NOTE: Proceed with caution! GSE183852_DCM_Integrated.Robj.gz is 11.7GB. Long download time. Alternative: download directly via browser from https://www.ncbi.nlm.nih.gov/geo/query/acc.cgi?acc=GSE183852

Code
library(curl)

url <- "https://www.ncbi.nlm.nih.gov/geo/download/?acc=GSE183852&format=file&file=GSE183852%5FIntegrated%5FCounts%2Ecsv%2Egz"
h <- new_handle()
curl_fetch_disk(url, path = "../../data/raw/geo/GSE183852/GSE183852_Integrated_Counts.csv.gz",handle = h)

# 11.7 GB
url <- "https://www.ncbi.nlm.nih.gov/geo/download/?acc=GSE183852&format=file&file=GSE183852%5FDCM%5FIntegrated%2ERobj%2Egz" 

h <- new_handle()
curl_fetch_disk(url, path = "../../data/raw/geo/GSE183852/GSE183852_DCM_Integrated.Robj.gz",handle = h)

rm(list=ls())
gc()

4 Part 2: Preprocess GSE141910 (for DEG & WGCNA)

4.1 Load Raw Counts & FPKM

Code
rm(list=ls())
load("../../data/raw/geo/gse141910_raw.RData")

counts <- gse141910_counts_raw %>% column_to_rownames("GeneID")

fpkm  <- gse141910_fpkm_raw %>% column_to_rownames("GeneID")

pheno <- gse141910_pheno_raw

# Add LVEF
pheno_lvef <- gse141910_pheno_raw_with_lvef

pheno <- pheno %>% 
  left_join(pheno_lvef, by = c("title" = "sample_name")) %>%
  column_to_rownames("geo_accession")

4.2 Filter Pheno Data of Good Samples

Code
pheno <- pheno[rownames(pheno) %in% colnames(counts),]

4.3 Filter Normal / HFrEF Samples

Code
Normal <- pheno$etiology == "NF"
HFrEF  <- pheno$etiology != "NF" & !is.na(pheno$LVEF) & pheno$LVEF <= 0.4

keep_samples <- rownames(pheno)[Normal | HFrEF]
pheno <- pheno[keep_samples, ]
counts <- counts[, keep_samples]
fpkm  <- fpkm[, keep_samples]

pheno$group <- factor(ifelse(pheno$etiology == "NF", "Normal", "HFrEF"), levels = c("Normal","HFrEF"))

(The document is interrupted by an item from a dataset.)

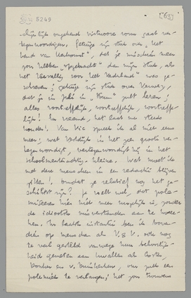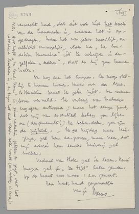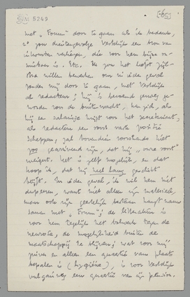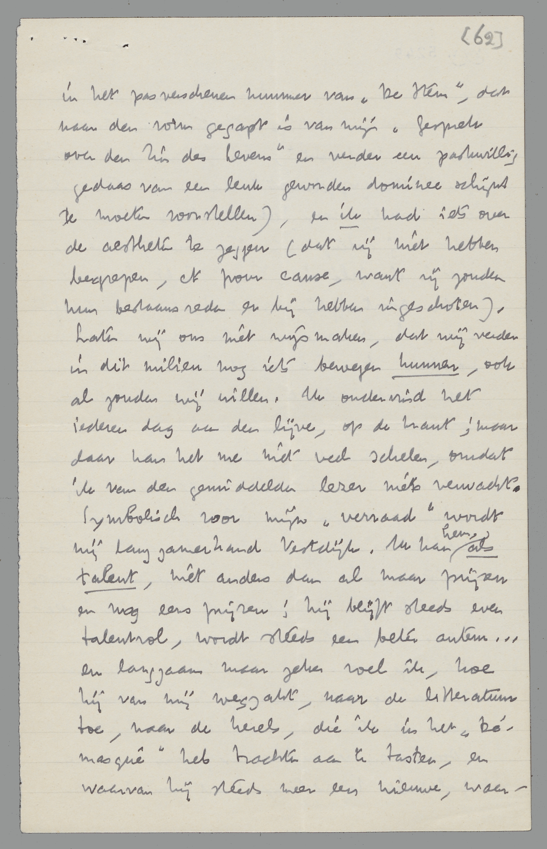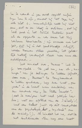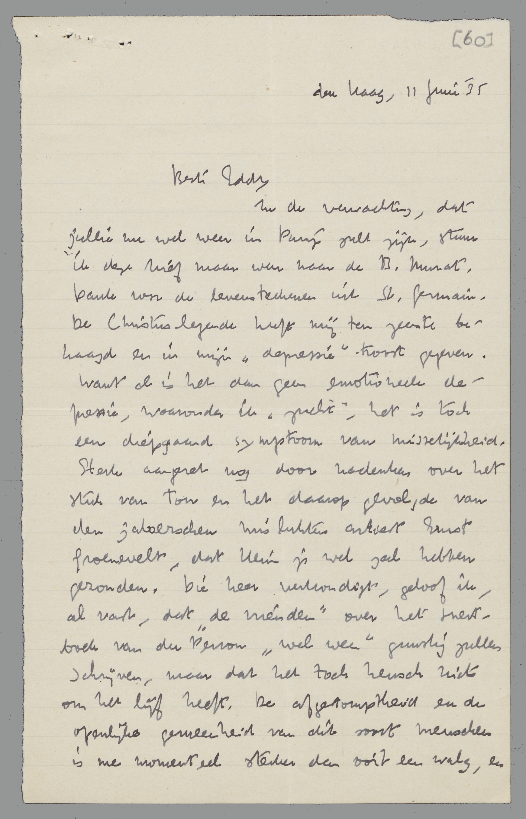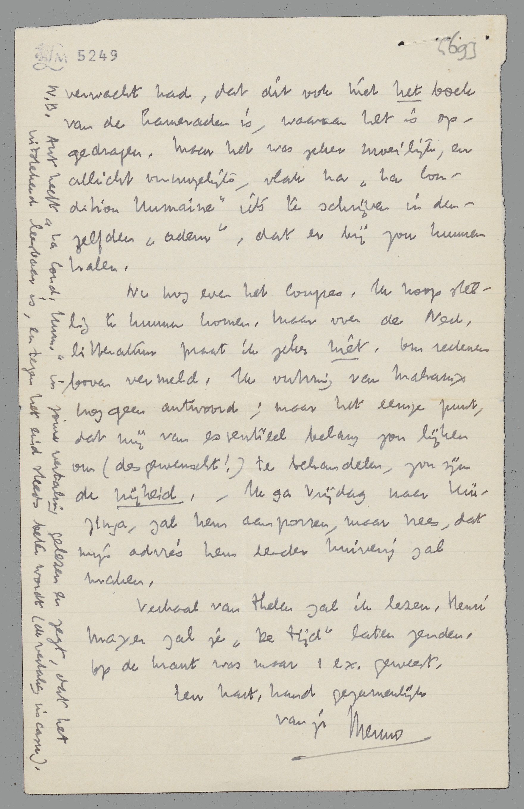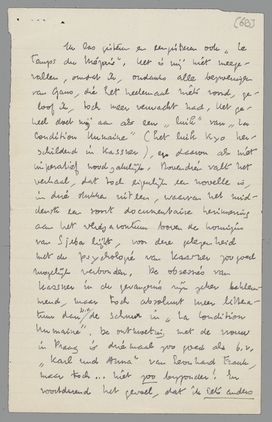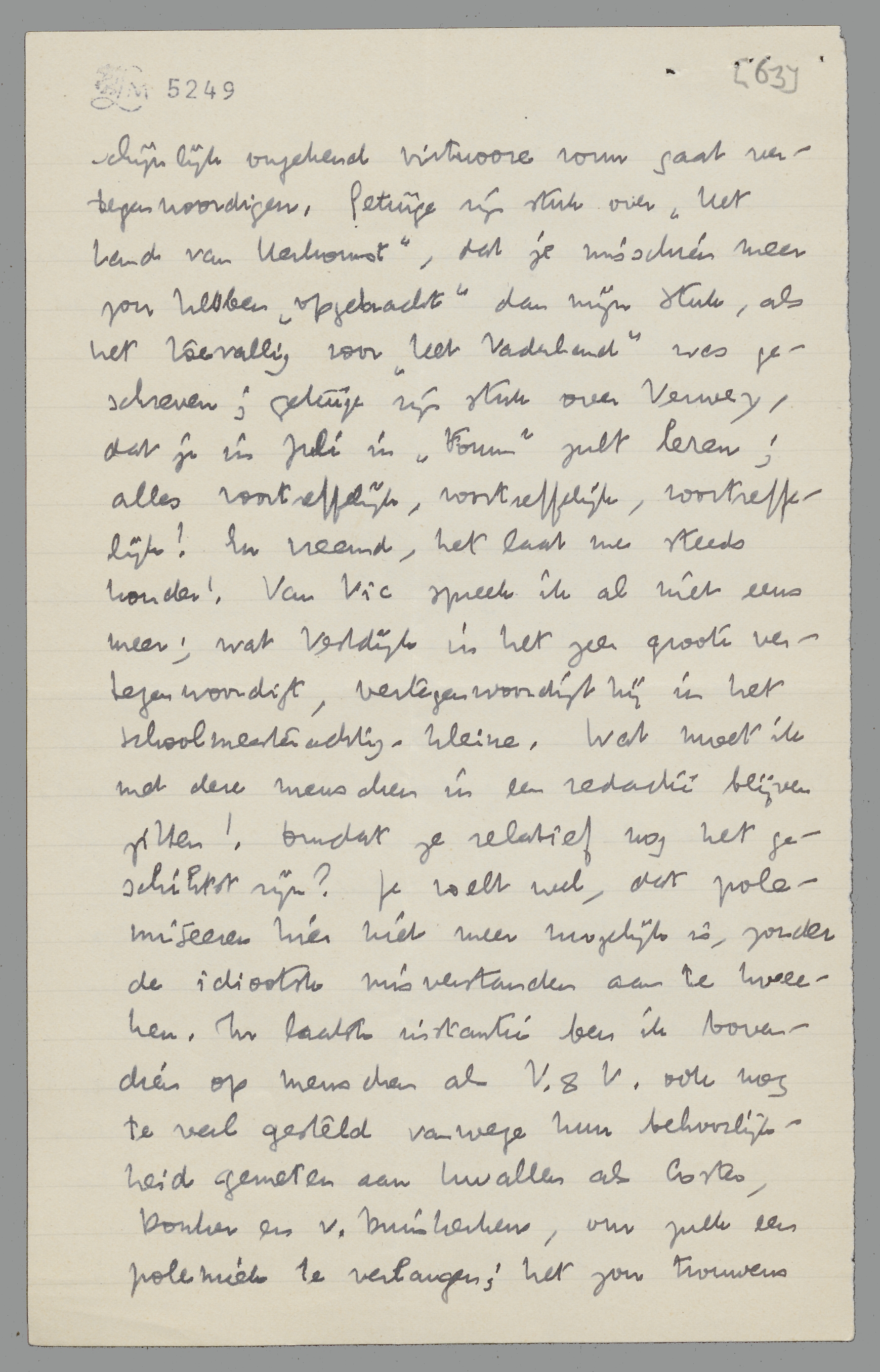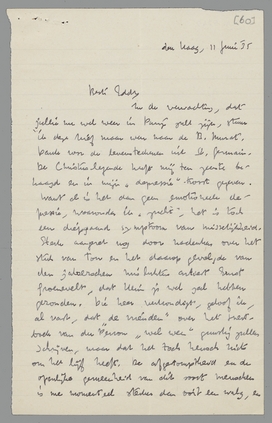 Nu nog even het Congres. Ik hoop stellig te kunnen komen. Maar over de Ned. litteratuur praat ik zeker niet. Om redenen boven vermeld. Ik ontving van Malraux nog geen antwoord; maar het eenige punt, dat mij van essentieel belang zou lijken om (desgewenscht!) te behandelen, zou zijn de vrijheid. Ik ga Vrijdag naar Huizinga, zal hem aanporren, maar vrees, dat mijn advies hem eerder huiverig zal maken.

4.4 Gene Annotation & Low‑expression Filter

Code
# Convert Entrez IDs to official HGNC gene symbols
entrez <- rownames(counts)
sym <- mapIds(
  org.Hs.eg.db,
  keys = entrez,
  keytype = "ENTREZID",
  column = "SYMBOL",
  multiVals = "first"
)

# Create annotation data frame
gene_anno <- data.frame(
  EntrezID = entrez,
  Symbol = sym,
  row.names = entrez,
  stringsAsFactors = FALSE
)

# Remove genes with missing gene symbols to avoid downstream errors
gene_anno <- gene_anno %>% drop_na(Symbol)

# Subset count matrix to keep only annotated genes
counts <- counts[gene_anno$EntrezID, ]

# Calculate total expression intensity for each gene (for deduplication)
gene_anno$total_expr <- rowSums(counts)

# Deduplicate gene symbols: keep the one with the highest total expression
gene_anno <- gene_anno %>%
  group_by(Symbol) %>%
  slice_max(total_expr, n = 1, with_ties = FALSE) %>%
  ungroup()

# Final clean count matrix with unique gene symbols as rownames
counts_clean <- counts[gene_anno$EntrezID, ]

# Assign unique, valid gene symbols (NO NA, NO duplicates)
rownames(counts_clean) <- gene_anno$Symbol

# Calc cpms
dge <- DGEList(counts_clean)
cpms <- cpm(dge)

# Filter low express genes
keep <- rowSums(cpms > 0) >= 0.8*ncol(cpms)
counts_final <- counts_clean[keep,]

4.5 SVA Batch Correction for Counts

Code
dge_norm <- calcNormFactors(DGEList(counts_final))
cpms_log <- log2(cpm(dge_norm) + 1)

mod <- model.matrix(~ group + age + race + gender, pheno)
mod0 <- model.matrix(~ 1, pheno)
n.sv <- num.sv(as.matrix(cpms_log), mod, method="leek")

svobj <- svaseq(as.matrix(cpms_log), mod, mod0, n.sv = n.sv)
counts_corr <- t( t(cpms_log) - svobj$sv %*% solve(t(svobj$sv) %*% svobj$sv) %*% t(svobj$sv) %*% t(cpms_log) )

# Add SVA to pheno
svdf <- svobj$sv
colnames(svdf) <- paste0("SVA",1:ncol(svdf))
pheno_final <- cbind(pheno, svdf)

5 Part 3: Preprocess GSE141910 FPKM (for ML & Validation)

Code
# Clean & Correct FPKM
fpkm_clean <- fpkm[rownames(counts_final), ]
fpkm_log <- log2(fpkm_clean + 1)

# Use same SVA components for consistency
fpkm_corr <- t( t(fpkm_log) - svobj$sv %*% solve(t(svobj$sv) %*% svobj$sv) %*% t(svobj$sv) %*% t(fpkm_log) )

6 Part 4: Final Output (Counts + FPKM Corrected Matrices)

Code
proc_dir <- "../../data/processed/geo/GSE141910"
if (!dir.exists(proc_dir)) dir.create(proc_dir, recursive = TRUE)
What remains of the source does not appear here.